> **Material shown**:
<<<<
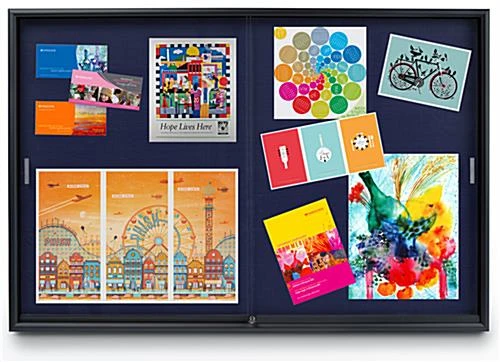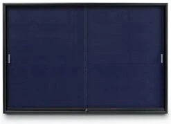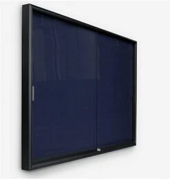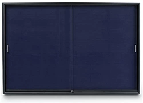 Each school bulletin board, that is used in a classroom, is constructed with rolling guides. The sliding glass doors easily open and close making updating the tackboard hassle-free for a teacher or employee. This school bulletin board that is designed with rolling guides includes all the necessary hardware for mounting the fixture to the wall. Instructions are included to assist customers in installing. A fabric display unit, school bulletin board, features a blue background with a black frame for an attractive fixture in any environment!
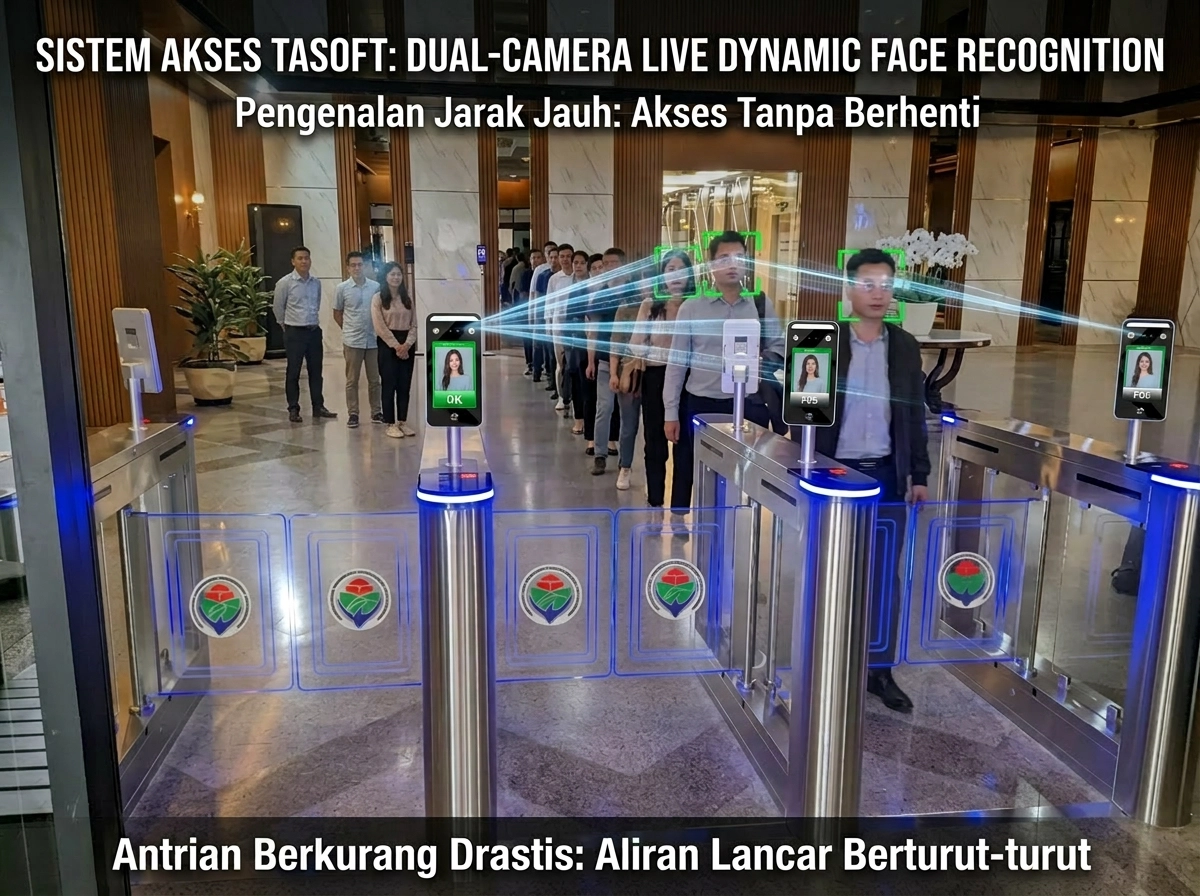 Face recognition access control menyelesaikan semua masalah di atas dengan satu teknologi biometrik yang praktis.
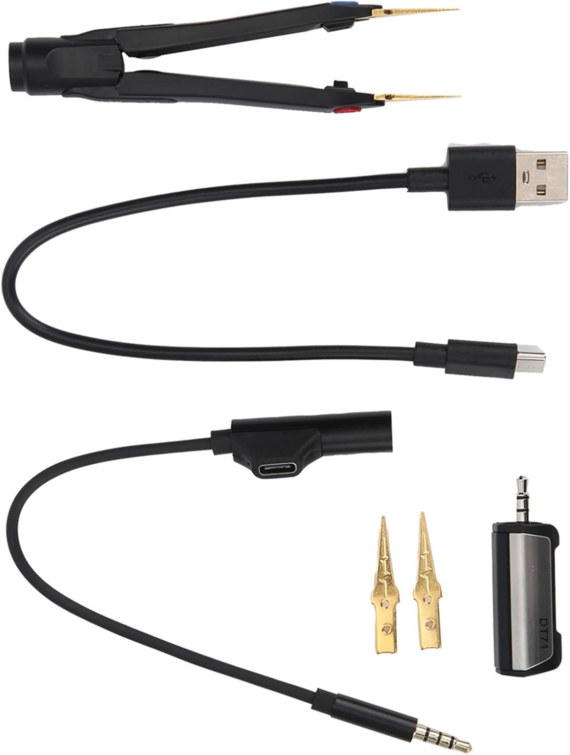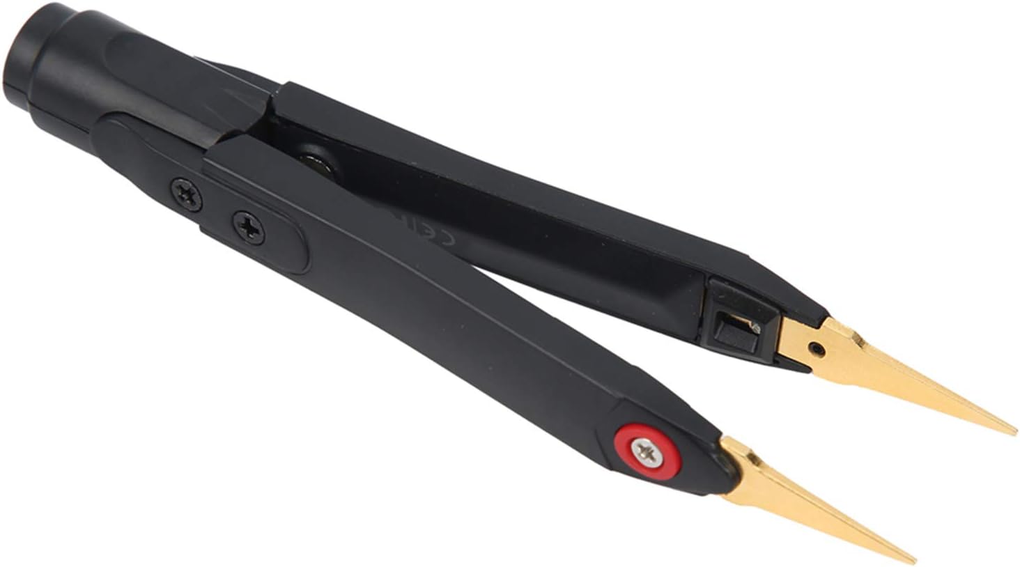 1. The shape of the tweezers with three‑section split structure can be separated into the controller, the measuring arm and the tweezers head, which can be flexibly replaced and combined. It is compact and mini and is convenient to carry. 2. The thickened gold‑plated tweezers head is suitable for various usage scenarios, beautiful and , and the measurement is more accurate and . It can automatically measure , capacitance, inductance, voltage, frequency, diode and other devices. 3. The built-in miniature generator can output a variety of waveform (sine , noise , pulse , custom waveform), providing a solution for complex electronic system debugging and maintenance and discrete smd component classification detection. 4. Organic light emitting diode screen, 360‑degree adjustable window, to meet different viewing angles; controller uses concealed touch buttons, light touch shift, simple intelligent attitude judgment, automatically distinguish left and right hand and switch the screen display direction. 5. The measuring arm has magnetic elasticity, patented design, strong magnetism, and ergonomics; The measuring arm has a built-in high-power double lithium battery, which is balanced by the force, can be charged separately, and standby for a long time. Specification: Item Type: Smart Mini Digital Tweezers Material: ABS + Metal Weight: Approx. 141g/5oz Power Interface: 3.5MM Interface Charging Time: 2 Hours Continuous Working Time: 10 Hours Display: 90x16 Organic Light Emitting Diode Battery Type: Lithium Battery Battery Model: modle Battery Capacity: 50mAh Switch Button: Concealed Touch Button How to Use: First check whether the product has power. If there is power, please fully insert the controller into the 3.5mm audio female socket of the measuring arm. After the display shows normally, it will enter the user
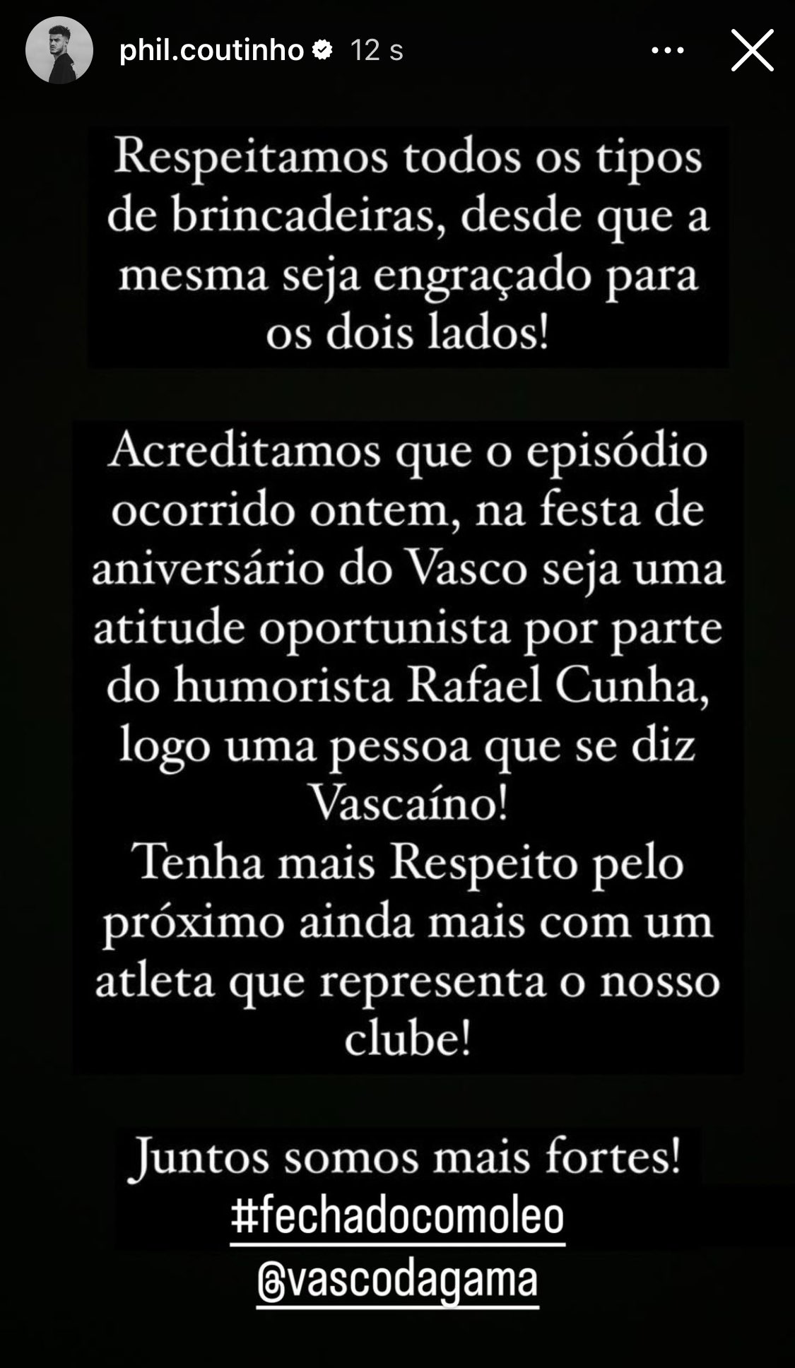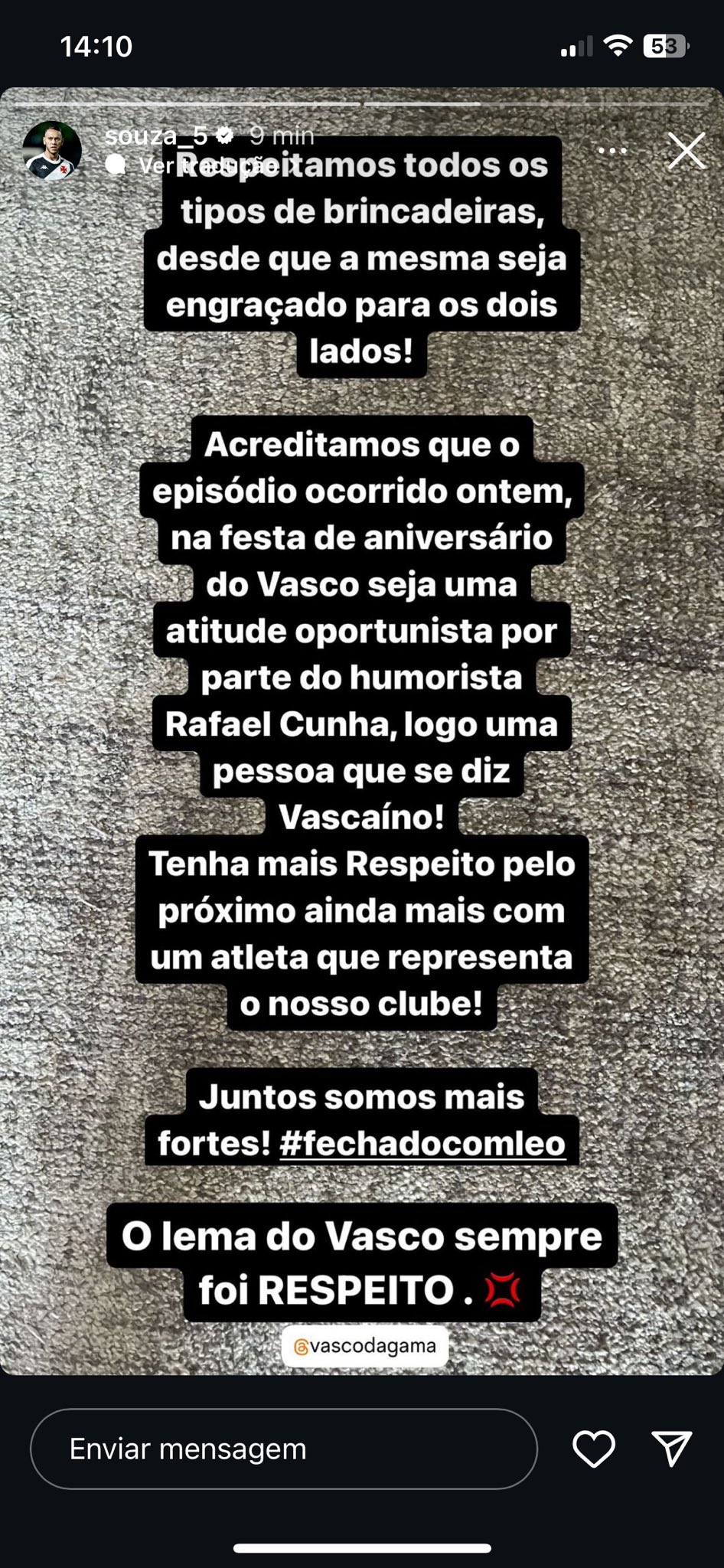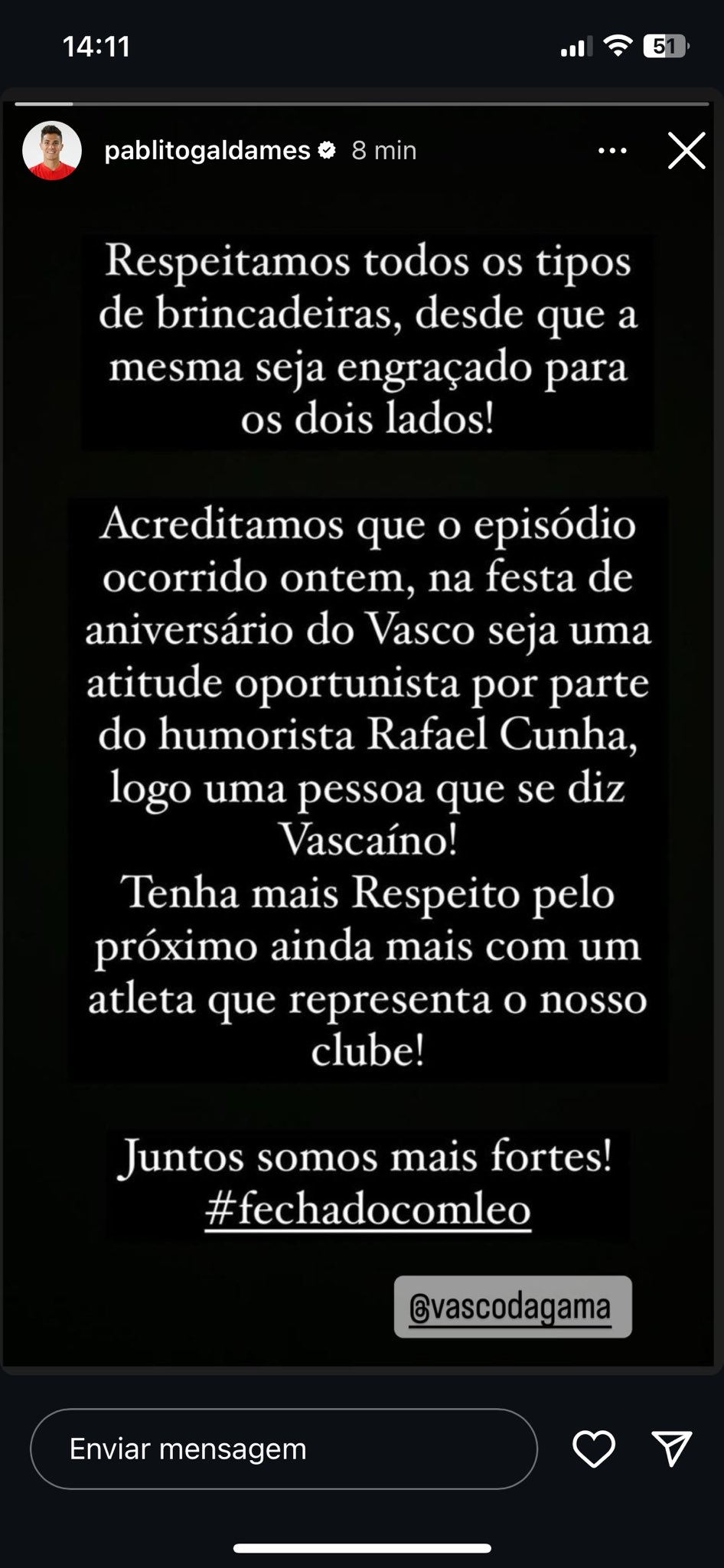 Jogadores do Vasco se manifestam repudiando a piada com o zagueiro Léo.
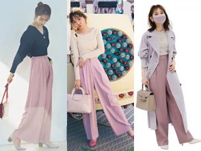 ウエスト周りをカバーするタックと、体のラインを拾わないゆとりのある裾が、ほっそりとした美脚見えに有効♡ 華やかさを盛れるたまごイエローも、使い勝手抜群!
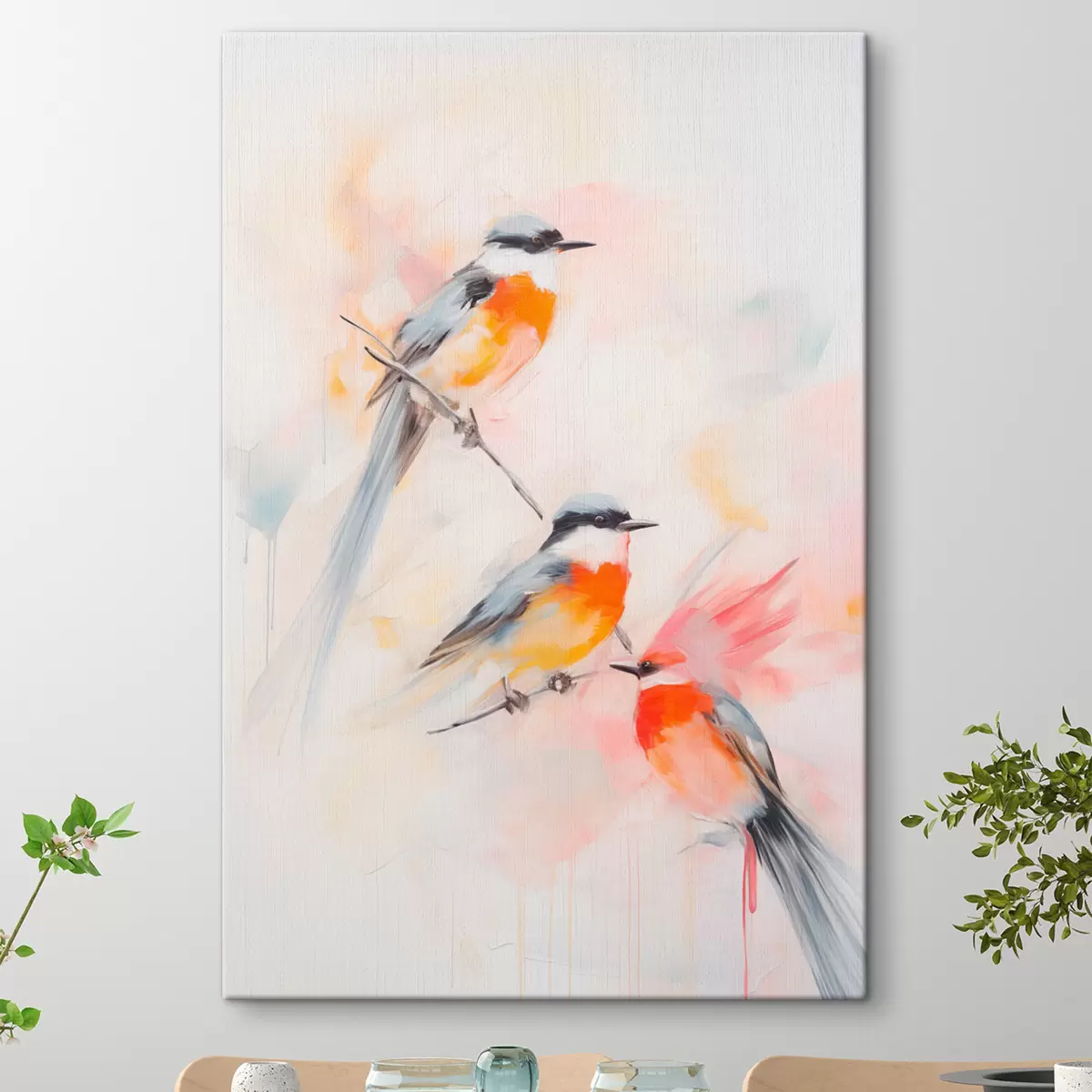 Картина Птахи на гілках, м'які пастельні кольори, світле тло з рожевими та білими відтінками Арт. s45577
>>>>
> **Work instruction**: Only lines from the one holding "ウエスト周りをカバーするタッ" through the last line of the entries above are wanted, both ends included, each retyped exactly; no pictures.

> **Exercise response**:
 ウエスト周りをカバーするタックと、体のラインを拾わないゆとりのある裾が、ほっそりとした美脚見えに有効♡ 華やかさを盛れるたまごイエローも、使い勝手抜群!
 Картина Птахи на гілках, м'які пастельні кольори, світле тло з рожевими та білими відтінками Арт. s45577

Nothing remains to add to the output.